◆ **Task prompt**
Give the listing again exactly, omitting its images.

*** Supplied material ***

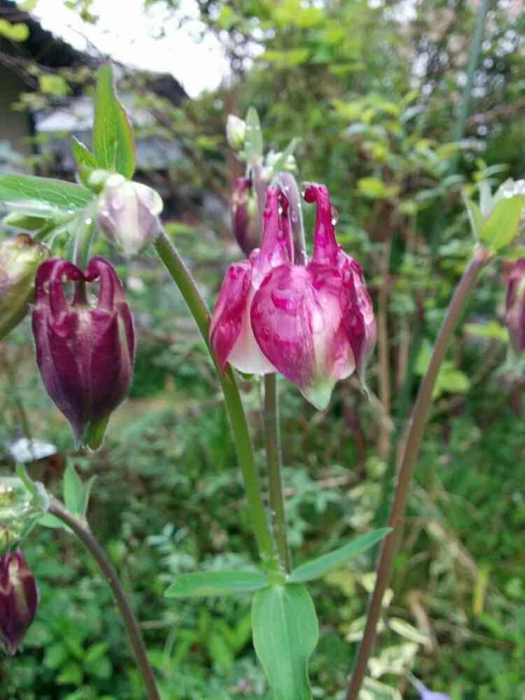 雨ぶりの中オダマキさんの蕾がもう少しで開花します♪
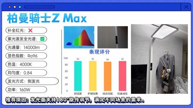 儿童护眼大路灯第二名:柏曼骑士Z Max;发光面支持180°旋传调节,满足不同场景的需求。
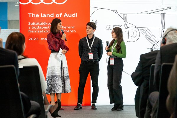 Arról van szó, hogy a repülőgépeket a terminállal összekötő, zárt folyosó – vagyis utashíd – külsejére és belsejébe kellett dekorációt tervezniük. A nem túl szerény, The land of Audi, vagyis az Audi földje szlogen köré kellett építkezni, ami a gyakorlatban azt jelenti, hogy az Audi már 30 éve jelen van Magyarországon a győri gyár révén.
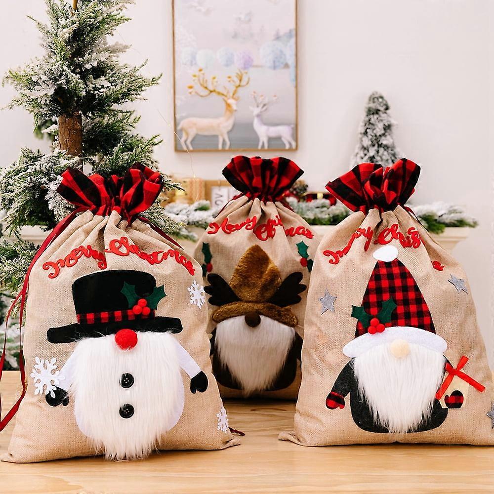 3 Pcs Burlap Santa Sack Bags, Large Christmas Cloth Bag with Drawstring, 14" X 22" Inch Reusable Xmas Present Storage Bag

*** End of Supplied material ***

◆ **The completed task**
 雨ぶりの中オダマキさんの蕾がもう少しで開花します♪
 儿童护眼大路灯第二名:柏曼骑士Z Max;发光面支持180°旋传调节,满足不同场景的需求。
 Arról van szó, hogy a repülőgépeket a terminállal összekötő, zárt folyosó – vagyis utashíd – külsejére és belsejébe kellett dekorációt tervezniük. A nem túl szerény, The land of Audi, vagyis az Audi földje szlogen köré kellett építkezni, ami a gyakorlatban azt jelenti, hogy az Audi már 30 éve jelen van Magyarországon a győri gyár révén.
 3 Pcs Burlap Santa Sack Bags, Large Christmas Cloth Bag with Drawstring, 14" X 22" Inch Reusable Xmas Present Storage Bag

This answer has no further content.